The visit was very efficient and productive. The two institutions will renew their previous cooperation agreement for a further five years and will continue to work together within the Erasmus+ mobility programme, which will be extended as follows:

  • CALS Global Fellows programme continues to provide the institutional framework for the mobilities of Cornell undergraduate students who will participate in summer research internships. However, if a student from another school or a graduate student has an interest in participating in a mobility, it will be made possible for them.
  • Regarding student mobility for studies, Cornell would send exchange students to the Erasmus Mundus Joint Master Program of MATE, namely Danube AgriFood Master (DAFM), as they already have experience with this type of programme with FESIA (France). Erasmus Mundus is considered as a guarantee of quality that is accepted by the best universities in the world, a fact that is a credit to both Erasmus Mundus and MATE AgriFood Master. As this training also allows for guest lectures by Cornell professors, the collaboration will be expanded with this opportunity.
  • Pursuing reciprocity in student exchange, the possible ways of student mobilities from MATE to Cornell were also discussed. The most feasible solution seems to be a summer traineeship for MATE students, for which Cornell's Research Experience for Undergraduates (REU) program ( was recommended. This could be implemented at AgriTech, Cornell's research institute in Geneva, NY, which was also discussed by Dr. Kyle Wickings of AgriTech.

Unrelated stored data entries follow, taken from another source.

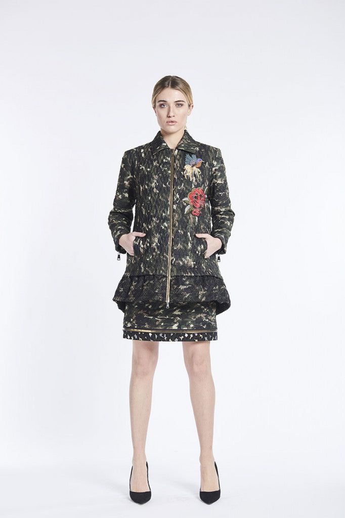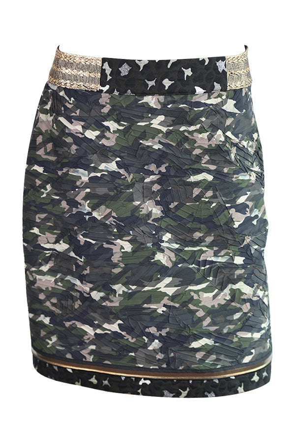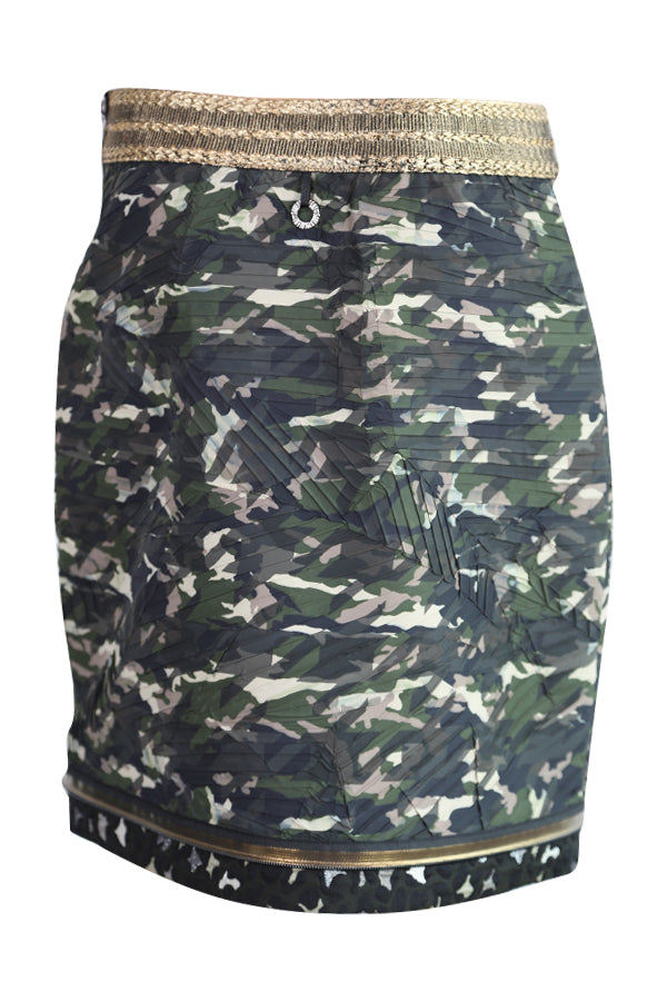 Jupe taille remontée Save the Queen 5482 aux imprimés kaki army avec de multiples finitions.
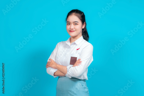 Smiling female student dressed in a uniform, and posing confidently on a vibrant blue backdrop.
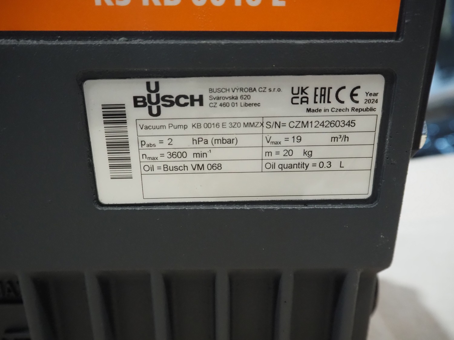 Busch vacuum pump, type: KB 0016 E 3Z0 MMZX, serial number: CZM124260345, year of construction: 2024, capacity: 19 m³ per hour, dimensions: 300 mm x 200 mm x 200 mm.
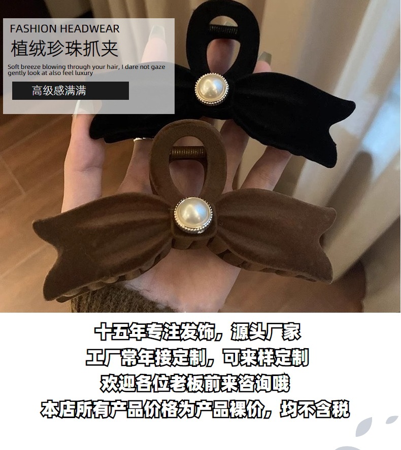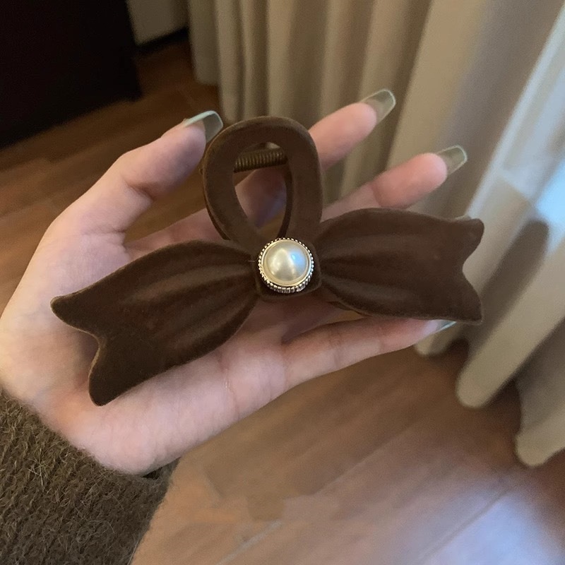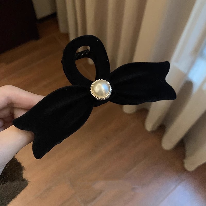 가을과 겨울 새로운 대형 프랑스 스타일 간단한 블랙 무리 진주 활 그랩 클립 모든 일치 우아한 머리 상어 클립스토어 가기
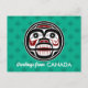 Schicken Sie Ihrer Familie diese Postkarte mit einem schönen Haida-Wachskull aus British Columbia, Kanada. Der Hintergrund ist grün. Man kann mit Haida Kunst an der Nordwestküste nicht falsch liegen, sie ist seit Jahrzehnten beliebt. Diese Designs der ersten Nationen sind ideal für Bekleidung und sehen immer gut aus. Dies ist mein erster Versuch, ein originelles Design zu schaffen. Der Schädel ist ein Subjekt, das oft in der Kunst dargestellt wird. Ich entwarf diesen Form-Linien-Schädel im Frontal mit einem Auge, das eine Träne hat. Aufgrund meiner Familie in British Columbia, zum Beispiel Vancouver BC, war Haida Form Line Kunst Teil meines Lebens. Die Nordwestküste des Pazifik ist ein wunderschöner Ort, wo ich ein paar glückliche Ferien verbrachte und vor ein paar Jahren beschloss ich, etwas von seiner heimischen Kunst zu lernen. Form-line ist eine indigene Kunst, die von den Menschen der ersten Nation an der Nordwestküste Nordamerikas gemacht wurde. Der Begriff Form-Linie wird von Bill Holm erfunden. Wir verwenden das Wort seit 1965, aber die Kunst ist viele hundert Jahre alt. Die Idee ist, eine fließende, kontinuierliche Linie mit steigender und abnehmender Dicke zu schaffen. Wir bekommen Negativräume mit einer dominanten schwarzen Kontur. Die negativen Leerzeichen werden mit Formen oder Elementen vom Typ der Formulareinie gefüllt. Die Hauptformen sind ovoid's, U forms und S Formulare. Mit diesen Formen stellt der Künstler eine komplette Form-Linie zusammen.

  • Other areas of collaboration identified include Food Production and Food Safety, Ecotoxicology, and Animal Nutrition, for which Cornell University invites preliminary proposals for collaboration.

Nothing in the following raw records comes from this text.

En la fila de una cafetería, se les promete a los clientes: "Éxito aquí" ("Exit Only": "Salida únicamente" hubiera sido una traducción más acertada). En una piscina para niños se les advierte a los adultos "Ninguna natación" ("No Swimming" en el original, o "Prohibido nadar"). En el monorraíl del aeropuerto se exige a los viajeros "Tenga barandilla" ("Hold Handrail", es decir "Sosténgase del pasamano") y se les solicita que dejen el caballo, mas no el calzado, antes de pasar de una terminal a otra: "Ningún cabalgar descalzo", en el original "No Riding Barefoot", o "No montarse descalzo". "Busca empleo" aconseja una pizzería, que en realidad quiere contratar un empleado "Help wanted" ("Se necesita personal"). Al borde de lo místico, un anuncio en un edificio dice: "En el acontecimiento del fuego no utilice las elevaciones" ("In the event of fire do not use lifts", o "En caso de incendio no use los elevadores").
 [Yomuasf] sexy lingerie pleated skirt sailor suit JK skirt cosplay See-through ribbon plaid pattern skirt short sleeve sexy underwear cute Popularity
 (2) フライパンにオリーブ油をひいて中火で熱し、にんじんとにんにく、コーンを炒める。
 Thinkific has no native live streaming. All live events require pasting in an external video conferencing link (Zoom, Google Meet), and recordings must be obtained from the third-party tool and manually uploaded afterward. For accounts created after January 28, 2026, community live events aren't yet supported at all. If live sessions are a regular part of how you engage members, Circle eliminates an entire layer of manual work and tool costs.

Founded in 1865, Cornell is one of the Ivy League universities (Brown, Columbia, Cornell, Dartmouth, Harvard, Pennsylvania, Princeton, Yale), which are the highest-ranked institutions of higher education in the United States and worldwide. The number of Nobel laureates associated with Cornell is currently 50 ( ), and it has been ranked 21st in QS World University Rankings in 2022. MATE has taken an important step in its internationalisation strategy by starting a student and faculty exchange programme with such an excellent partner institution.